Executive Sessions of Board of Directors Meetings

        Executive sessions of the Board that are attended only by non-management directors are held at each Board meeting, including each Board meeting during the 2010 fiscal year, and at such other times as may be requested by any director. If any non-management director is deemed to not be independent, an executive session of all independent directors is also held at least once per year.

Attendance at Annual Shareholders Meeting and Board and Committee Meetings

        All directors attended the 2010 annual meeting of shareholders. The Board has a policy that all directors should attend each shareholder and Board meeting and each meeting of each Board committee on which they serve unless there are extenuating circumstances preventing such attendance. During the 2010 fiscal year, the Board held five Board meetings and each director attended at least 75% of the sum of (a) the total number of Board meetings and (b) the total number of meetings held by all committees of the Board of Directors on which such director served during fiscal year 2010.

Director Compensation

        During fiscal 2010, directors were paid the following amounts:

    Annual cash retainer of $28,000

    Board and Committee meeting fees of $1,500 per meeting

    Annual Committee Chair retainers—Audit ($8,000), Benefits ($2,500), Compensation ($5,000), Directors and Corporate Governance ($5,000), and Finance ($2,500)

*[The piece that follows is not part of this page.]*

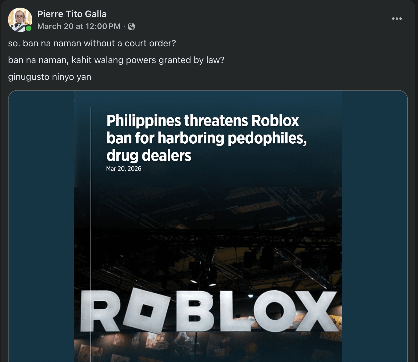 “So. ban na naman without a court order? ban na naman, kahit walang powers granted by law? ginugusto ninyo yan (So, another ban without a court order? Another ban, even without powers granted by law? You want that.),” said staunch ICT rights advocate Pierre Tito Galla in a Facebook post.

    Independent Lead Director retainer of $10,000

    25% match for retainer and meeting fees if a director elects to invest all of his or her retainers and meeting fees in the Company's Dividend Reinvestment and Stock Purchase Plan

    Annual grant of $35,000, required to be invested in Company Common Stock

        All amounts received by directors as fees, retainers and grants in fiscal 2010 were invested in Company Common Stock, since all directors elected to invest their retainers and meeting fees in the Company's Dividend Reinvestment and Stock Purchase Plan. The 25% match and grants are paid by the Company in the form of cash contributions to the directors' Dividend Reinvestment and Stock Purchase Plan accounts.

        New directors are also entitled to a grant of $15,500, payable upon election of the director to the Board, and required to be invested in Company Common Stock. There were no new directors in fiscal 2010.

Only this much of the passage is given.